Solo — Sosoknya sebagai rohaniawan, sastrawan, budayawan dan aktivis selalu membuatnya menarik untuk dibicarakan lebih dalam. Melalui karya-karya yang diciptakannya, sosok YB Mangunwijaya atau Romo Mangun banyak menginspirasi berbagai kalangan.
Dalam acara bertajuk “Novel-novel Romo Mangun: Sastra Hati Nurani” yang digelar Harian Kompas dan Dinamika Edukasi Dasar, di Rumah Dinas Walikota, Loji Gandrung, Rabu (13/3), sosok Romo Mangun dalam karya-karyanya dikupas. Diskusi tersebut menghadirkan sejumlah pembicara, yakni Emha Ainun Najib (Cak Nun), Ayu Utami, Bandung Mawardi, Joko Pinurbo, serta dan B Rahmantono.
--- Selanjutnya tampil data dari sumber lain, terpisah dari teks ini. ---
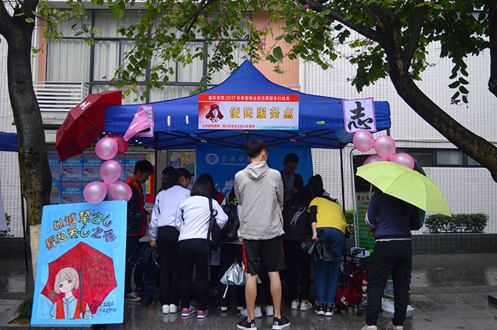本网讯(记者 李美良 吴静敏 摄影/吴伊琳)3月18日,我校青年志愿服务指导中心联合各二级学院青年志愿服务部举办的雷锋月活动于紫荆校道举行。其中,化学化工学院团委青年志愿服务部(简称:化工学院青志部)策划的“以诚挚之心,撑起爱心之伞”主题活动如火如荼地进行。

Esais muda, Bandung Mawardi mengungkapkan, dalam setiap karya Romo Mangun selalu mengandung keterikatan antara manusia, alam sekitar dan fauna. Sehingga apabila membaca karya-karyanya selalu mencirikan spirit humanisme dan perjuangan jati diri.
“Beliau (Romo Mangun) seorang penulis yang tidak hanya menyoroti satu hal semata. Namun mengaitkan antara manusia, alam sekitar dan fauna,” kata Bandung Mawardi.
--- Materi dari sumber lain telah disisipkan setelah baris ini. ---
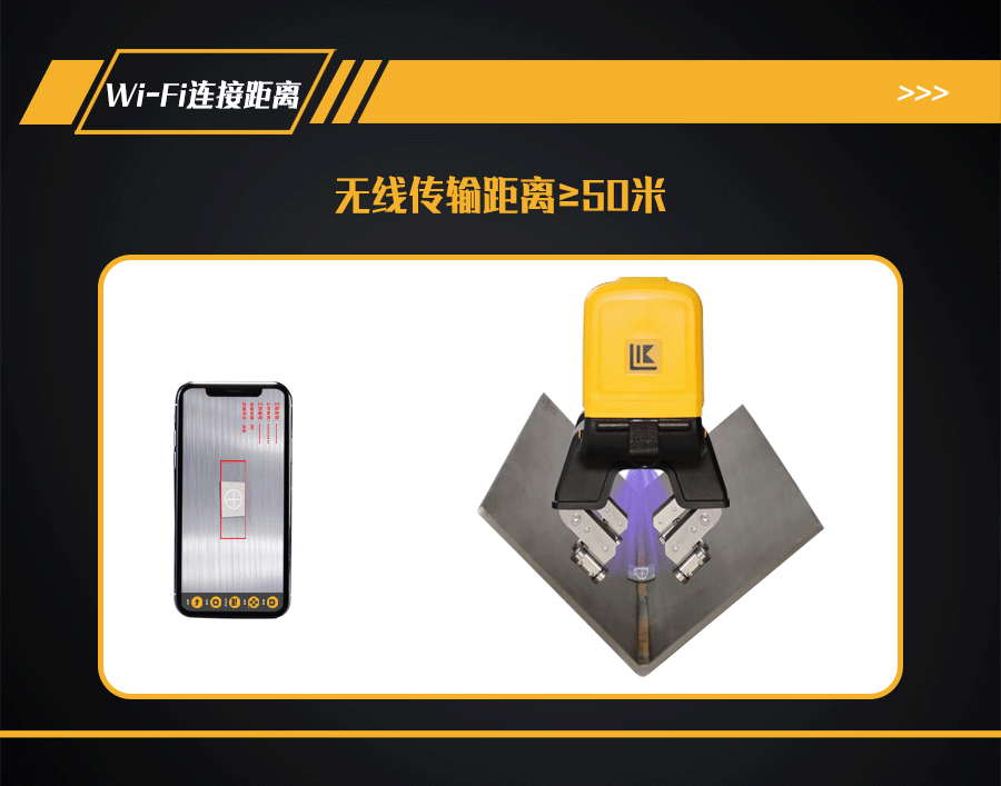 11、探頭內(nèi)部裝有500萬像素?cái)z像頭,手機(jī)、平板電腦或AR眼鏡等手持終端安裝APP軟件,通過Wi-Fi與探頭鏈接,手持終端實(shí)時(shí)顯示探傷狀態(tài);

Sementara penulis novel Shaman, Ayu Utami menyoroti tentang humanisme karya-karya Romo Mangun. Disebutkan, Romo Mangun lahir empat tahun setelah Pramoedya Anantatoer. “Namun, beliau baru menyumbangkan karyanya di usia lanjut. Meski begitu, setiap karya beliau selalu menggambarkan sosok-sosok tokoh yang detail. Sehingga setiap pembacanya dapat menggambarkan dengan jelas dan pasti tentang tokoh yang ditampilkan,” bebernya.
Ayu menilai sosok Romo Mangun sangat memahami humanisme manusia secara ideal. Romo Mangun juga dinilai konsisten dan menolak standarisasi yang tidak sesuai dengan jati dirinya.
“Dalam karya-karya Romo Mangun selalu mengedepankan proses pembuatannya, sehingga karya-karya beliau tersuguhkan secara sempurna,” urainya.
Budayawan, Emha Ainun Najib berpandangan bahwa Romo Mangun selalu memperjuangkan hati nurani manusia. Terlepas dari tekanan pihak-pihak yang mencampuri karya-karyanya itu. Disamping itu, pria yang dikenal dengan sebutan Cak Nun tersebut juga menilai dari segita tata bahasa yang diangkat oleh Romo Mangun juga sangat mendalam. Dirinya dapat memilih diksi-diksi kata yang sesuai dengan tatanan dan kebiasaan masyarakat, khususnya orang Jawa.
“Tatanan kata yang digunakan Romo Mangun ini sangat sesuai. Sehingga sebagai seorang sastrawan, dalam karya-karya dibuatnya penggunaan kata tersebut sudah dapat dilihat kapasitas karya yang dihasilkannya,” ujar pria asli Jombang tersebut.